WHAT YOU HAVE TO DO: Return every entry exactly as written, with the pictures removed.

SOURCE MATERIAL:
^^^^

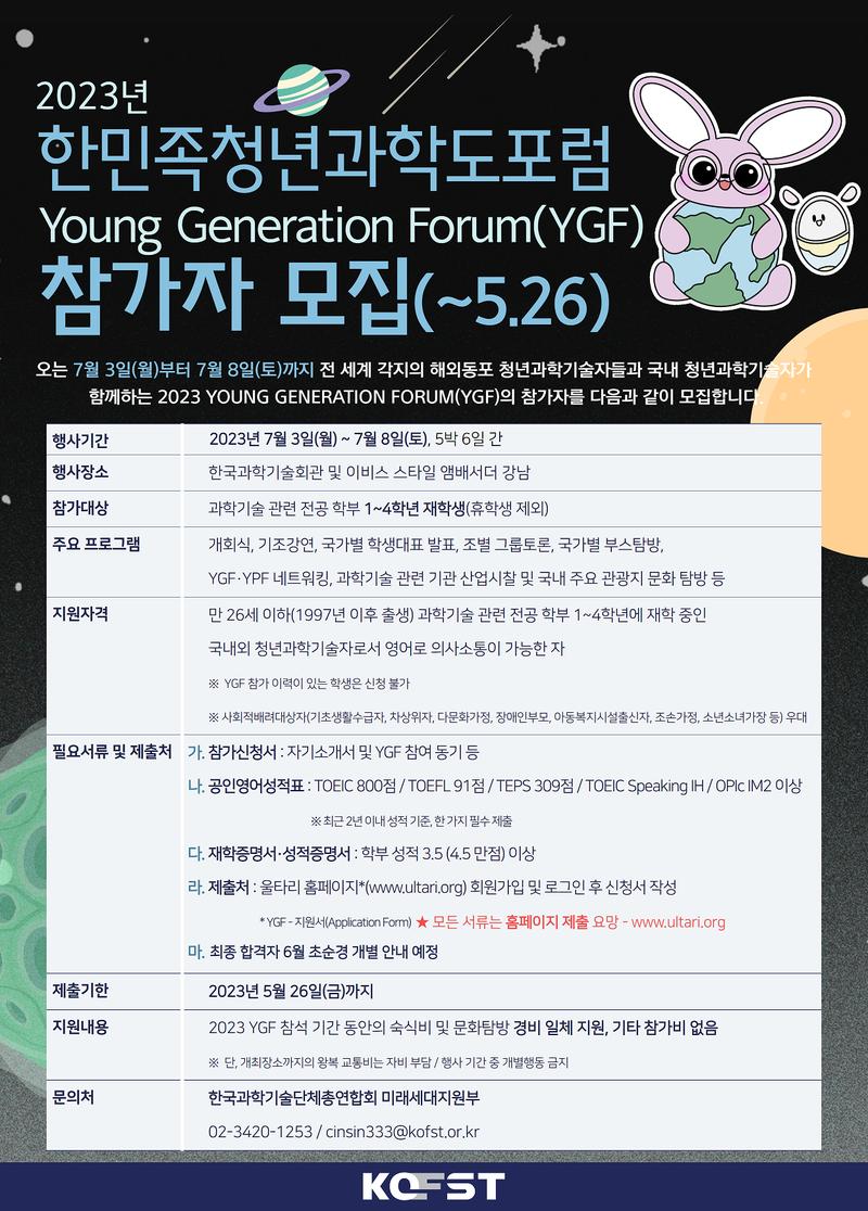 국내 미래세대 대표가 되어 전 세계 한인 과학기술인과 소통할 수 있는 절호의 기회✨ 🥳 대학 생활·대학원 생활에서 가장 기억에 남을 추억이 될 YGF·YPF를 놓치지 마세요!
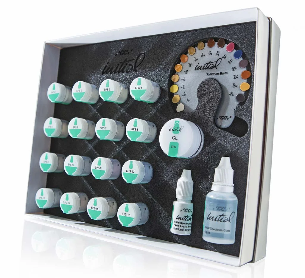 Spectrum Stains Set: 16 Stains (SPS-1 to SPS-16) à 3 g; 1 Glaze Powder (GL) 10 g; 1 Glaze Liquid 25 ml; 1 Glaze Paste Liquid 8 ml; 1 shade guide. Denthouse AB är stolta auktoriserde återförsäljare för GC i Norden.
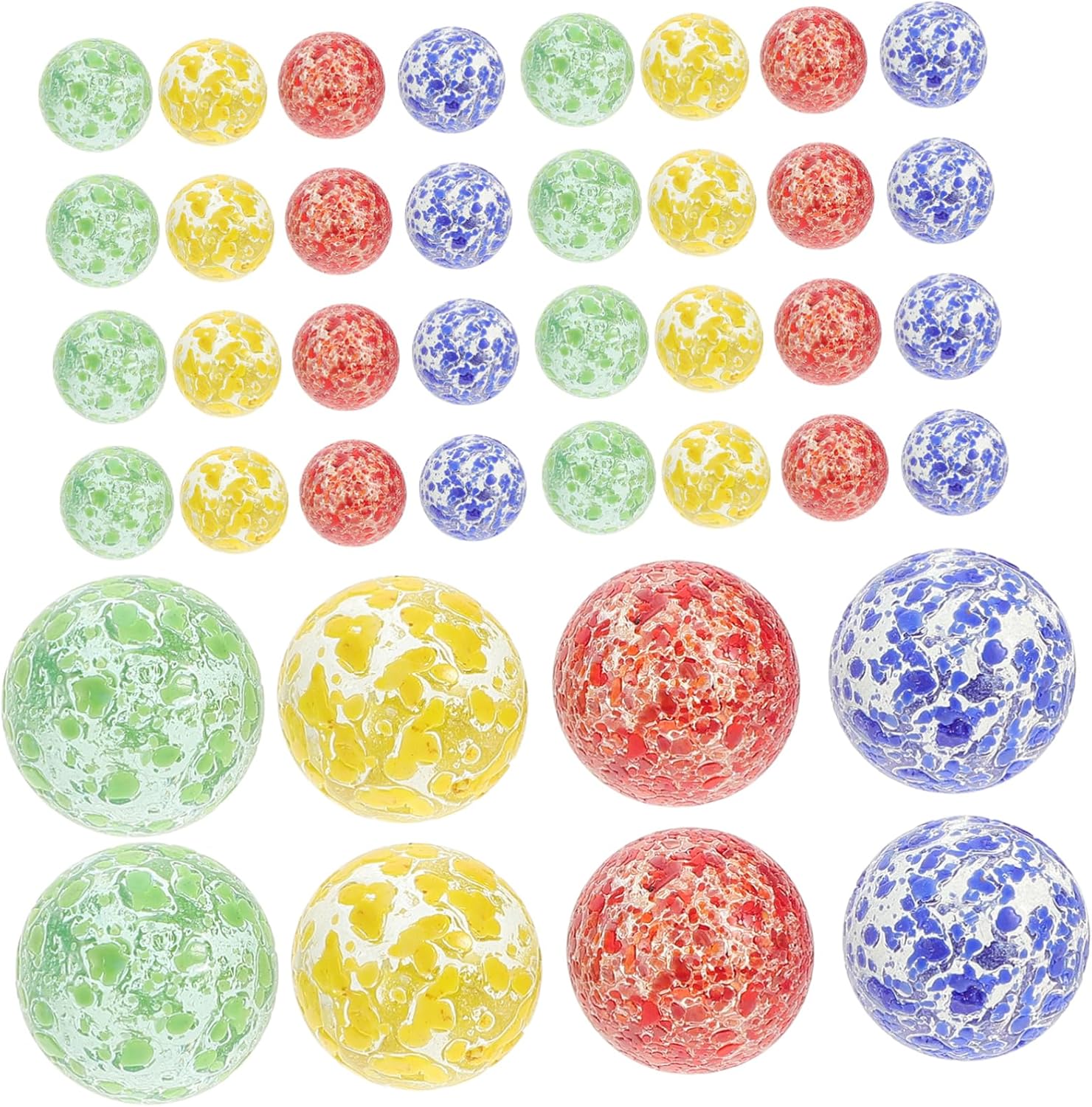 La quantità di biglie visibile nelle foto non è rappresentativa del tuo acquisto, queste biglie sono vendute in confezioni da 4. Per evitare un imballaggio eccessivo, MesBilles ti consegna tutte le tue biglie in un'unica rete, contattaci se desideri ricevere più reti. Possibile variazione di 2 mm sul diametro delle sfere erogate.
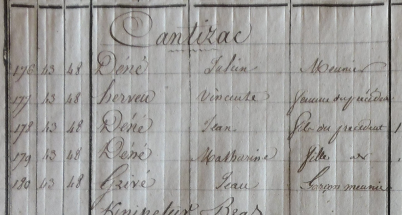 Lors du dénombrement de 1841, Julien DENE déclare l'activité de meunier à Cantizac et emploie un garçon meunier. La consultation des tables décennales et des sites de genealogie permet de retrouver l'acte de décès de Julien DESNE à Séné Cantizac le 2/07/1855. Il a marié sa fille Mathurine Anne [19/08/1817 Plumelec - 2/03/1878 Le Hézo] à un meunier du Hézo en 1848. Il a enterré son fils Jean [28/11/1824 Plaudren - 8/07/1854 Limoges, transcrit à Séné] alors incorporé dans le 5° régiment des hussard à Limoges.
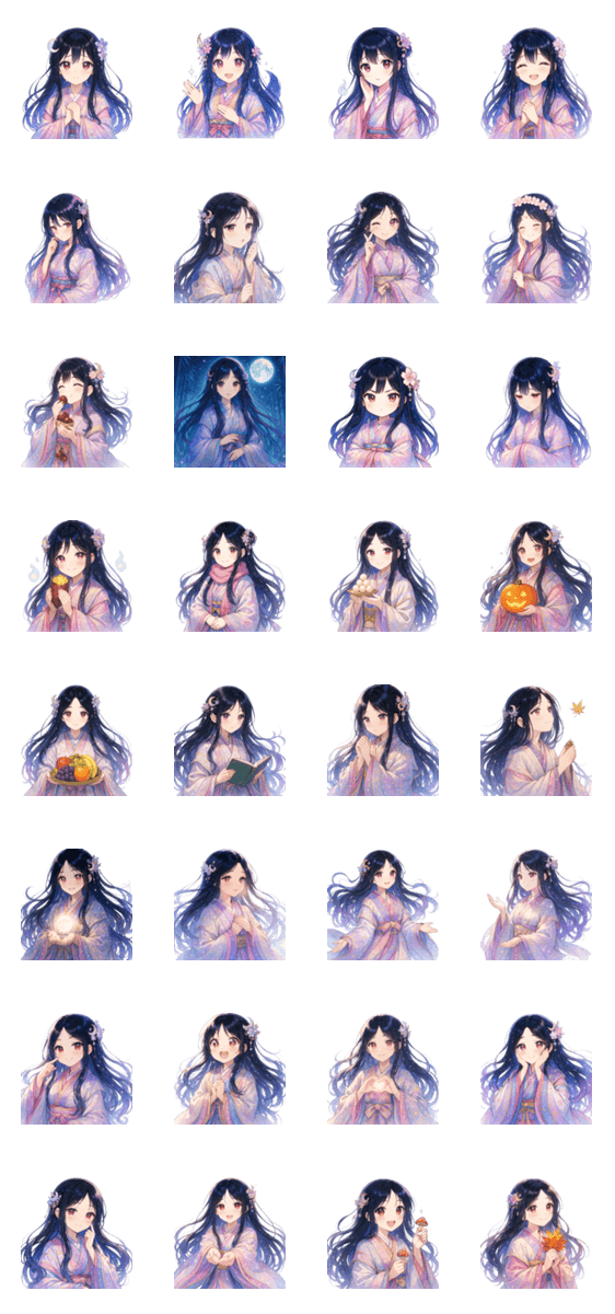 秋のかぐや姫が、笑顔・ウィンク・涙・照れ笑いなど感情たっぷりのキュートな表情であなたのトークを彩ります。幻想的で可愛い秋スタンプ!
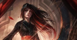 Mischievous Rain's stated goal was to stop the Resurrectionists' threat of the "Port of Shadows" – a prophesied woman who would conceive the Dominator's reincarnation and therefore posed an existential threat to the Domination. She had supernatural tattoos which moved on her skin, wore a yukata that featured both a "midnight" blackness that was darker than any other cloth and moving star shapes, and was often followed by a magic sound like wind-chimes tinkling. She flew a flying carpet that was "wildly colored and iridescent, like peacock feathers" stretched around a wooden frame "twelve feet long, eight feet wide, and one foot high."[1]
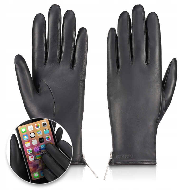 Класичні чорні жіночі рукавички - зимовий аксесуар, без якого не обійтися! Вони ідеально підійдуть до елегантного вбрання - їх можна носити з вовняним пальто, елегантним тренчем або піджаком. Виготовлені з гладкої, злегка блискучої, натуральної овчини. Він м'який - рукавички з нього ідеально адаптуються до форми руки користувача, забезпечуючи користувачеві комфорт при носінні. Вони застібаються на зручну та міцну сріблясту блискавку, розташовану збоку від зап’ястя.
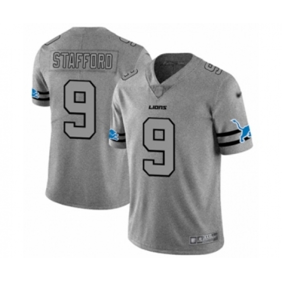 Men's Detroit Lions #9 Matthew Stafford Limited Gray Team Logo Gridiron Football Jersey

^^^^

RESULT:
 국내 미래세대 대표가 되어 전 세계 한인 과학기술인과 소통할 수 있는 절호의 기회✨ 🥳 대학 생활·대학원 생활에서 가장 기억에 남을 추억이 될 YGF·YPF를 놓치지 마세요!
 Spectrum Stains Set: 16 Stains (SPS-1 to SPS-16) à 3 g; 1 Glaze Powder (GL) 10 g; 1 Glaze Liquid 25 ml; 1 Glaze Paste Liquid 8 ml; 1 shade guide. Denthouse AB är stolta auktoriserde återförsäljare för GC i Norden.
 La quantità di biglie visibile nelle foto non è rappresentativa del tuo acquisto, queste biglie sono vendute in confezioni da 4. Per evitare un imballaggio eccessivo, MesBilles ti consegna tutte le tue biglie in un'unica rete, contattaci se desideri ricevere più reti. Possibile variazione di 2 mm sul diametro delle sfere erogate.
 Lors du dénombrement de 1841, Julien DENE déclare l'activité de meunier à Cantizac et emploie un garçon meunier. La consultation des tables décennales et des sites de genealogie permet de retrouver l'acte de décès de Julien DESNE à Séné Cantizac le 2/07/1855. Il a marié sa fille Mathurine Anne [19/08/1817 Plumelec - 2/03/1878 Le Hézo] à un meunier du Hézo en 1848. Il a enterré son fils Jean [28/11/1824 Plaudren - 8/07/1854 Limoges, transcrit à Séné] alors incorporé dans le 5° régiment des hussard à Limoges.
 秋のかぐや姫が、笑顔・ウィンク・涙・照れ笑いなど感情たっぷりのキュートな表情であなたのトークを彩ります。幻想的で可愛い秋スタンプ!
 Mischievous Rain's stated goal was to stop the Resurrectionists' threat of the "Port of Shadows" – a prophesied woman who would conceive the Dominator's reincarnation and therefore posed an existential threat to the Domination. She had supernatural tattoos which moved on her skin, wore a yukata that featured both a "midnight" blackness that was darker than any other cloth and moving star shapes, and was often followed by a magic sound like wind-chimes tinkling. She flew a flying carpet that was "wildly colored and iridescent, like peacock feathers" stretched around a wooden frame "twelve feet long, eight feet wide, and one foot high."[1]
 Класичні чорні жіночі рукавички - зимовий аксесуар, без якого не обійтися! Вони ідеально підійдуть до елегантного вбрання - їх можна носити з вовняним пальто, елегантним тренчем або піджаком. Виготовлені з гладкої, злегка блискучої, натуральної овчини. Він м'який - рукавички з нього ідеально адаптуються до форми руки користувача, забезпечуючи користувачеві комфорт при носінні. Вони застібаються на зручну та міцну сріблясту блискавку, розташовану збоку від зап’ястя.
 Men's Detroit Lions #9 Matthew Stafford Limited Gray Team Logo Gridiron Football Jersey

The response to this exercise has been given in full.